In February of 2018, Erica Fisher was stopped at a red light when Chakira Lekeish Calcote (driving a vehicle owned by Mark Calcote) rear-ended her. Approximately three weeks after the crash, Doug Jones, a representative for Progressive, the Calcotes’ insurer, called Fisher to—according to his later testimony—negotiate a settlement of any bodily injury liability claims she might have against the Calcotes. Fisher disputed Jones’s contention regarding the subject of the call, but regardless, Progressive thereafter mailed a $1,500 check to Fisher. The check itself did not contain any language to indicate that it was a full and final settlement of Fisher’s claims, but an accompanying document titled “Advice of Payment” did: that document contained Fisher’s name and address, the date of loss, Fisher’s claim number, and the phrase, “Full and Final Settlement of all Bodily Injury Claims Individually and Jointly.” In March of 2018, Fisher cashed the check and deposited the funds in her bank account, but then almost three years later—in February of 2021—Fisher filed an auto negligence action against the Calcotes. The Calcotes moved for summary disposition on the basis that the $1,500 payment constituted an accord and satisfaction of Fisher’s claims, and the trial court ultimately agreed, granting summary disposition in their favor.

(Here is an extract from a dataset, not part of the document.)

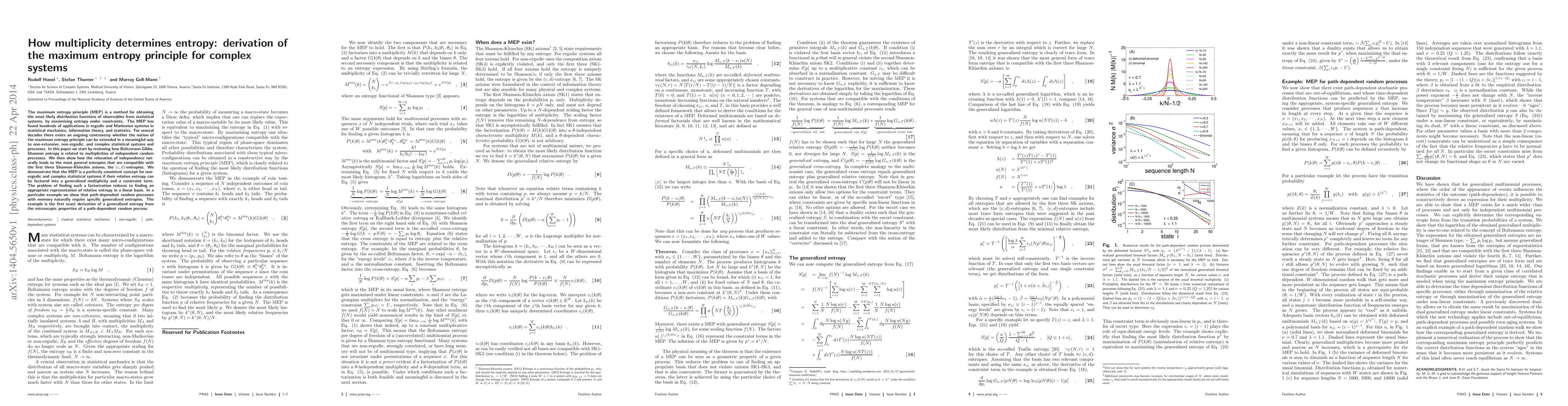 This paper explores the extension of the maximum entropy principle (MEP) to complex, non-ergodic systems by linking entropy to multiplicities in random processes. It demonstrates that MEP remains valid if relative entropy can be decomposed into a generalized multiplicity and a constraint term, providing an exact derivation of generalized entropy for path-dependent random processes.

The Court of Appeals affirmed the trial court’s summary disposition order, holding that—given the language in the “Advice of Payment” document—the $1,500 payment constituted an accord and satisfaction of Fisher’s claims against the Calcotes. The Court observed that the elements of an accord and satisfaction are set forth in MCL 440.3311, which provides, in relevant part:
‘(1) If a person against whom a claim is asserted proves that (i) that person in good faith tendered an instrument to the claimant as full satisfaction of the claim, (ii) the amount of the claim was unliquidated or subject to a bona fide dispute, and (iii) the claimant obtained payment of the instrument, the following subsections apply.
(2) Unless subsection (3) applies, the claim is discharged if the person against whom the claim is asserted proves that the instrument or an accompanying written communication contained a conspicuous statement to the effect that the instrument was tendered as full satisfaction of the claim.’
The Court found that the first element was satisfied because Progressive tendered a check which the accompanying “Advice of Payment” document made clear was a full satisfaction of the claim. The Court found that the second element was satisfied because Fisher’s claim was unliquidated and her damages subject to a bona fide dispute (Plaintiff testified that at the time of her conversation with James, she was unaware of the extent of her injuries). Lastly, the Court found that the third element was satisfied based on the fact that Fisher cashed the check. Thus, the Court held that Fisher’s claims were discharged by virtue of MCL 440.3311(2), because, again, the “Advice of Payment” document ‘contained a conspicuous statement to the effect that the instrument was tendered as full satisfaction of the claim.’
“In this case, the Advice of Payment contained plaintiff’s name and address, Progressive’s name and address, the date of loss, plaintiff’s claim number, and a statement indicating the check was a ‘Full and Final Settlement of all Bodily Injury Claims Individually and Jointly.’ Unlike the check and accompanying letter in Nationwide, the Advice of Payment contains an explicit statement that the payment is a full and final settlement of plaintiff’s claims. And although the check did not identify defendants by name, plaintiff was informed during the February 2018 phone call with Progressive that Progressive was calling on behalf of defendants. Because the Advice of Payment accompanying the check contains sufficient information to discharge plaintiff’s claim under MCL 440.3311(2), the trial court did not err by finding that an accord and satisfaction had been created.”
The Court of Appeals also rejected Fisher’s second argument on appeal: that even if there was a valid accord and satisfaction, it was fraudulently induced. The Court noted that, when testifying regarding her conversation with Jones, Fisher said only:
‘They told me they were giving me $1,500 because of me being in the accident. They didn’t say it was a settlement. . . . They told me it was because I was in an accident and they know that, you know, things come up when you’re in an accident. They just want to give me something for it because I was in the accident. They didn’t say it was a settlement.’
“Even viewed in the light most favorable to [Fisher],” the Court held, this testimony did not establish by clear and convincing evidence that Progressive fraudulently induced the accord and satisfaction.